(WORK ORDER):
Give all of the data below again exactly, and drop the images.

(EXERCISE INPUT):
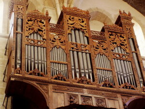 L'ensemble buffet-tribune et une partie de la tuyauterie date de 1501 tandis que la partie mécanique de l'orgue date partiellement du XVIIe siècle. Selon les historiens, la première construction de l'orgue remonte à 1501, sous le règne de Louis XII. Les seuls documents encore existants sont le buffet et sa tribune. L'instrument lui-même a été reconstruit mais le buffet garde heureusement des traces évidentes de l'instrument d'origine qui était construit selon l'esthétique italienne. L'orgue porte la marque royale. Dans la fine pointe de la corbeille de sa tribune, deux chérubins présentent un blason sur lequel on peut encore discerner les...
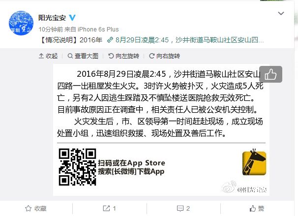 8月29日凌晨2:45,深圳宝安区沙井街道马鞍山社区安山四路一出租屋发生火灾,3时许火势被扑灭。
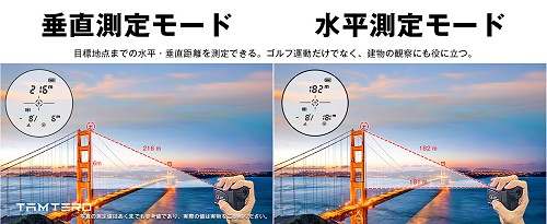 ターゲットまでの直線距離(斜め)、垂直距離(高さ) - 水平測定モード
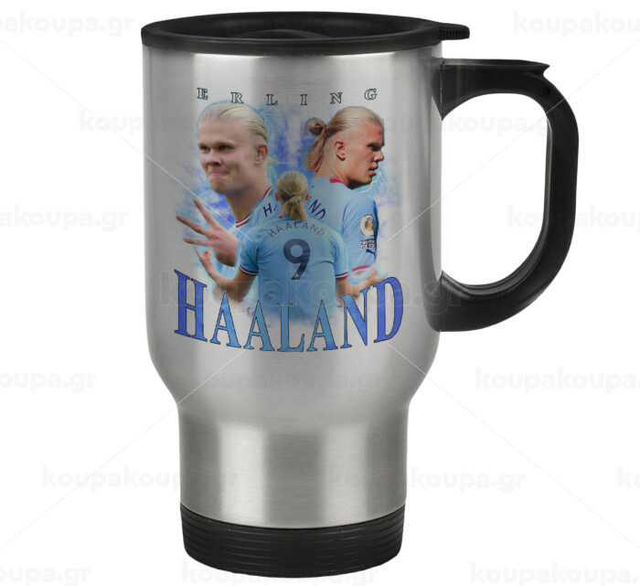 Erling Haaland, Stainless steel travel mug with lid, double wall 450ml
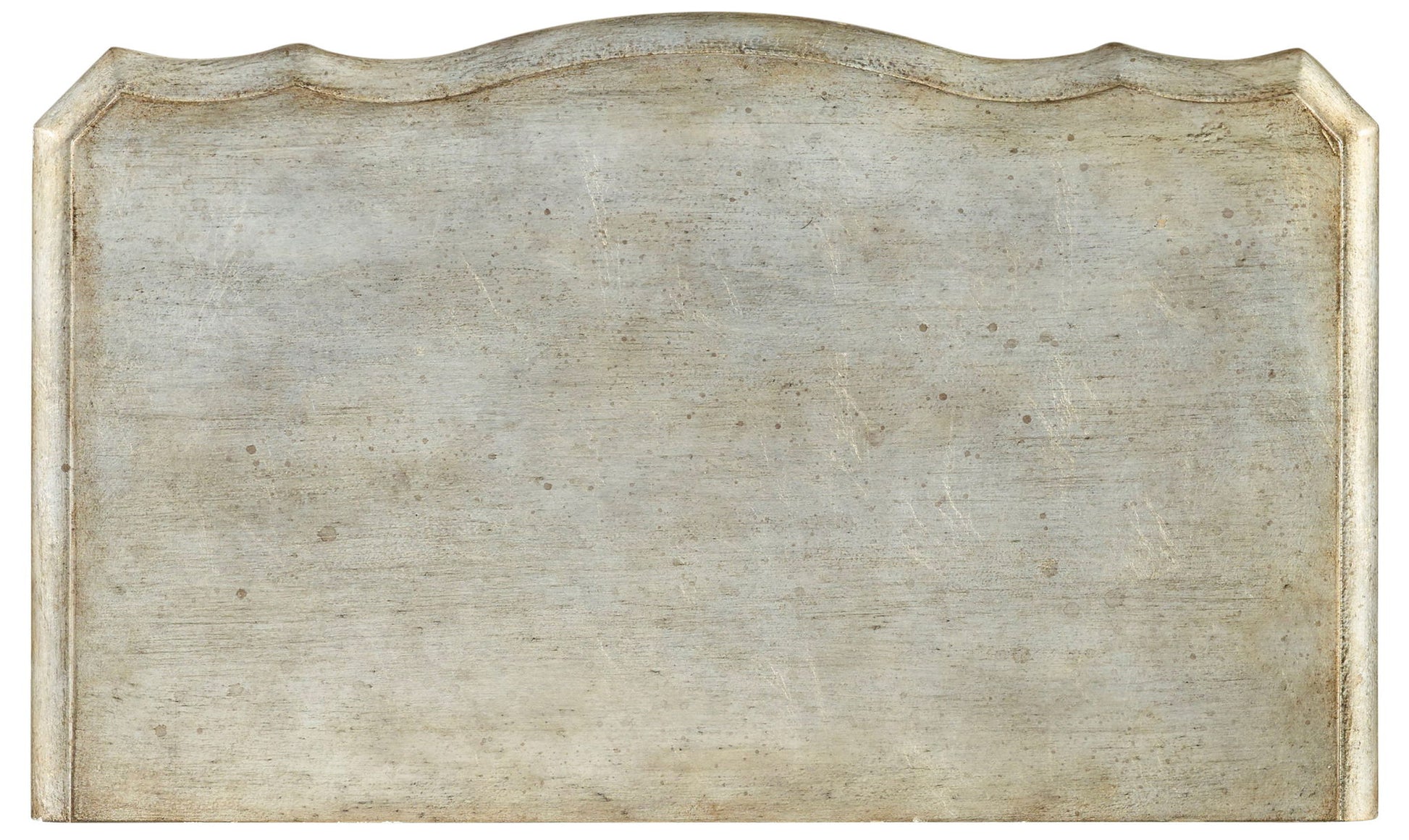 Inspired by an 18th Century French Antique, this curvy three-drawer bombe-shaped nightstand is all elegance in a silver leaf finish with slightly aged patina and opulent hardware.
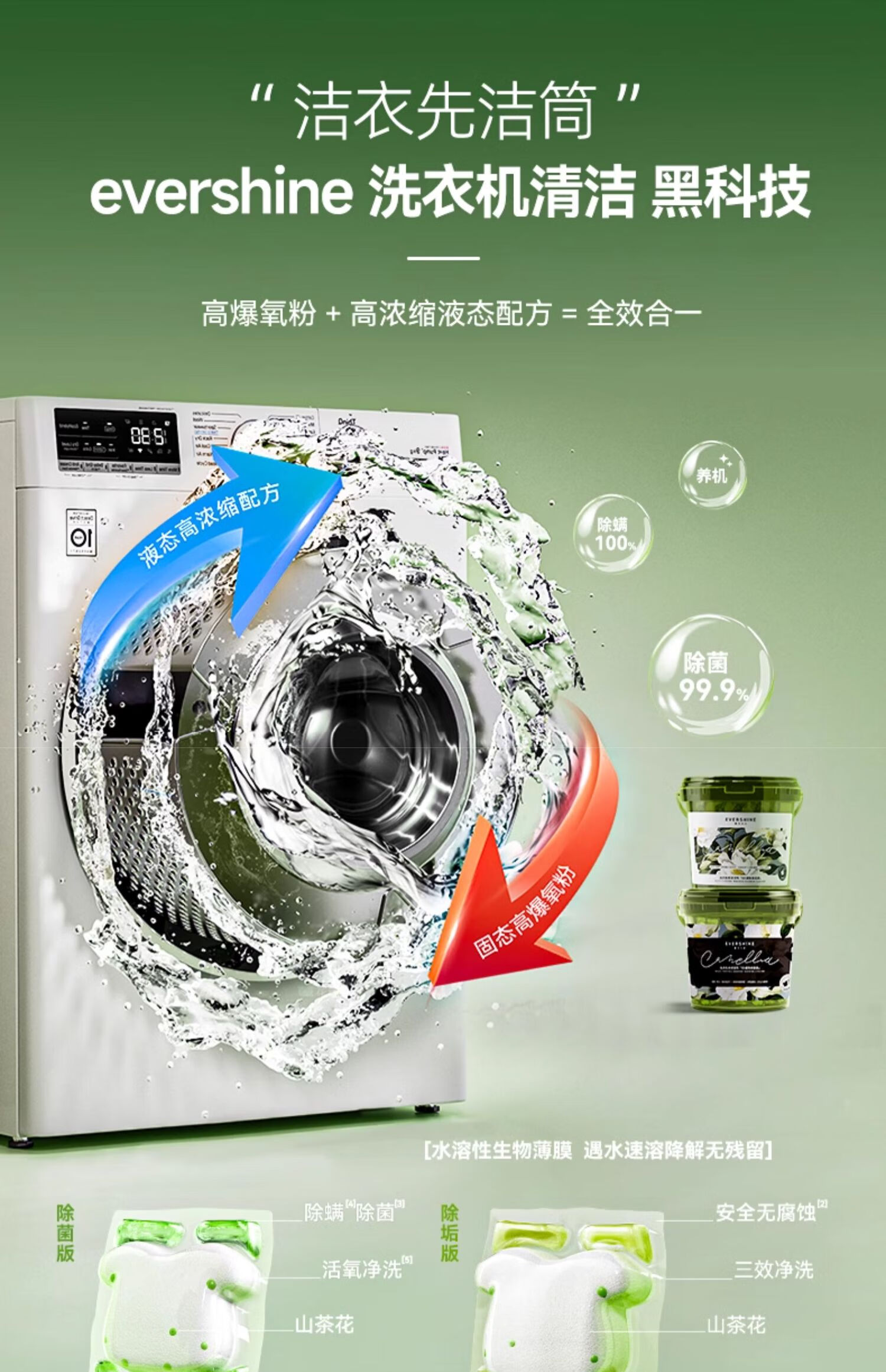 EVERSHINE晴天大白洗衣机清洗剂强力除垢杀菌滚筒洗衣机专用深度清洁剂 【专业洗衣机清洁】除菌版1桶
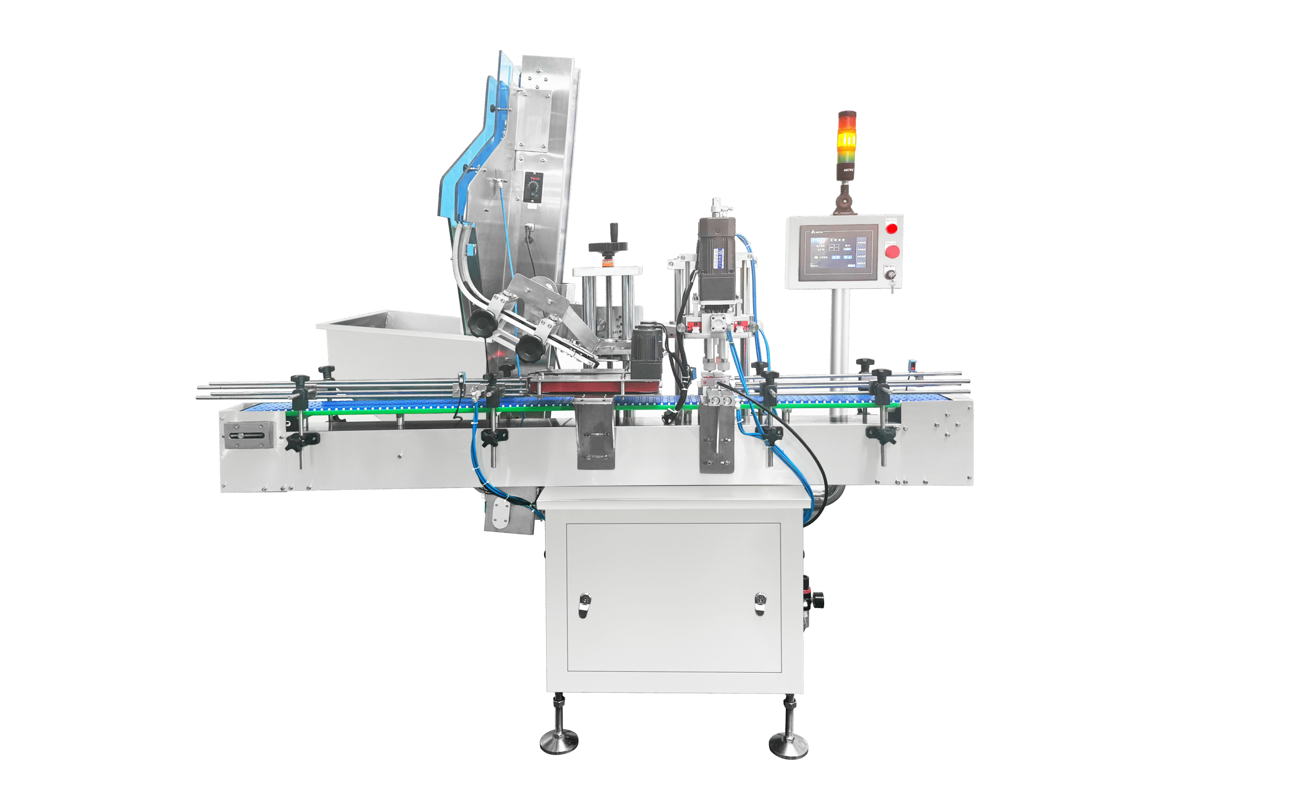 YOKO-SXL automatic cap tightening machine features a specialized 4-wheel mechanism for precise cap fixing and sealing. Engineered for versatility, it handles spray heads, pump heads, duckbill caps, and standard round caps with ease. With a maximum capacity of 2,400 bottles per hour, the system offers fully adjustable capping speeds and torque settings to ensure consistent tightness across various specifications.
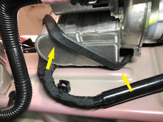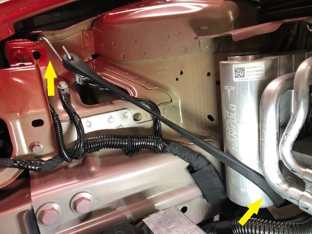 Install bungee cord to RH hood strut bracket. Route bungee cord around accumulator housing and secure to the RH body side. Do not secure bungee cord around coolant pumps or plastic housing on supermanifold. Use a mirror as needed to visual check bungee cord around accumulator housing.
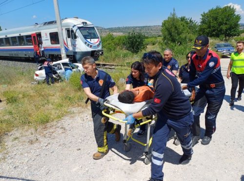Uşak-İzmir seferini yapan yolcu treninin hemzemin geçitte otomobile çarpması sonucu 1 kişi hayatını kaybetti.
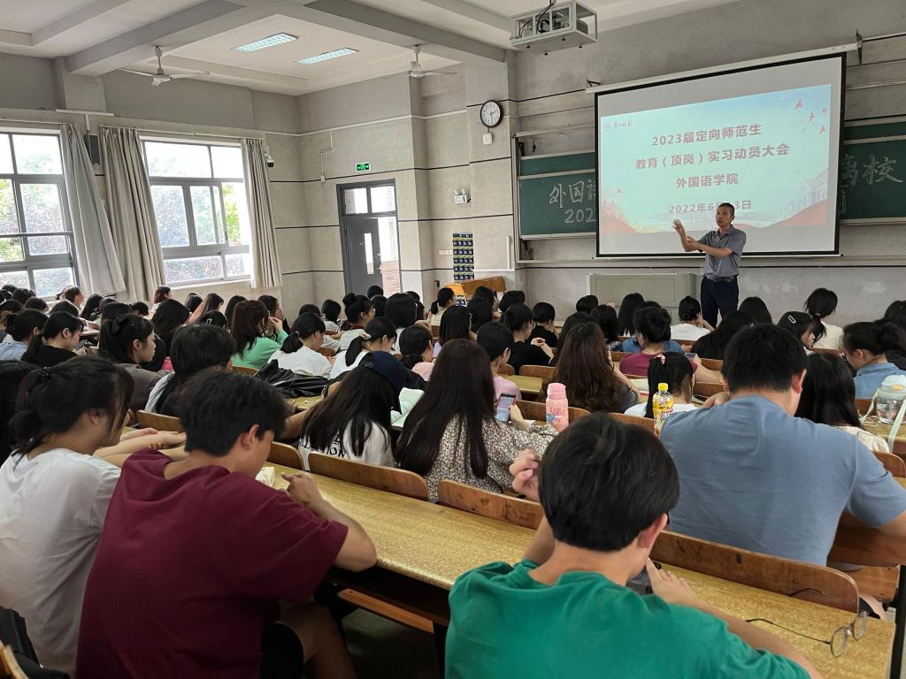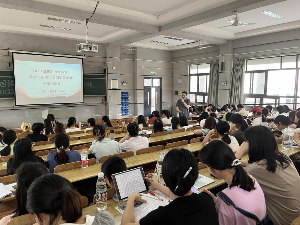 2022年6月13日下午,伟德国际1946源于英国在怀中楼南209分两批次(定向师范生和非定向师范生)举行2023届毕业生顶岗(教育)实习动员大会。外院刘宇松副院长、禹晗副书记、教务办主任廖爱秀、毕业班辅导员、实习指导老师和定向和非定向师范生参加了会议。

(COMPLETED TASK):
 L'ensemble buffet-tribune et une partie de la tuyauterie date de 1501 tandis que la partie mécanique de l'orgue date partiellement du XVIIe siècle. Selon les historiens, la première construction de l'orgue remonte à 1501, sous le règne de Louis XII. Les seuls documents encore existants sont le buffet et sa tribune. L'instrument lui-même a été reconstruit mais le buffet garde heureusement des traces évidentes de l'instrument d'origine qui était construit selon l'esthétique italienne. L'orgue porte la marque royale. Dans la fine pointe de la corbeille de sa tribune, deux chérubins présentent un blason sur lequel on peut encore discerner les...
 8月29日凌晨2:45,深圳宝安区沙井街道马鞍山社区安山四路一出租屋发生火灾,3时许火势被扑灭。
 ターゲットまでの直線距離(斜め)、垂直距離(高さ) - 水平測定モード
 Erling Haaland, Stainless steel travel mug with lid, double wall 450ml
 Inspired by an 18th Century French Antique, this curvy three-drawer bombe-shaped nightstand is all elegance in a silver leaf finish with slightly aged patina and opulent hardware.
 EVERSHINE晴天大白洗衣机清洗剂强力除垢杀菌滚筒洗衣机专用深度清洁剂 【专业洗衣机清洁】除菌版1桶
 YOKO-SXL automatic cap tightening machine features a specialized 4-wheel mechanism for precise cap fixing and sealing. Engineered for versatility, it handles spray heads, pump heads, duckbill caps, and standard round caps with ease. With a maximum capacity of 2,400 bottles per hour, the system offers fully adjustable capping speeds and torque settings to ensure consistent tightness across various specifications.
 Install bungee cord to RH hood strut bracket. Route bungee cord around accumulator housing and secure to the RH body side. Do not secure bungee cord around coolant pumps or plastic housing on supermanifold. Use a mirror as needed to visual check bungee cord around accumulator housing.
Uşak-İzmir seferini yapan yolcu treninin hemzemin geçitte otomobile çarpması sonucu 1 kişi hayatını kaybetti.
 2022年6月13日下午,伟德国际1946源于英国在怀中楼南209分两批次(定向师范生和非定向师范生)举行2023届毕业生顶岗(教育)实习动员大会。外院刘宇松副院长、禹晗副书记、教务办主任廖爱秀、毕业班辅导员、实习指导老师和定向和非定向师范生参加了会议。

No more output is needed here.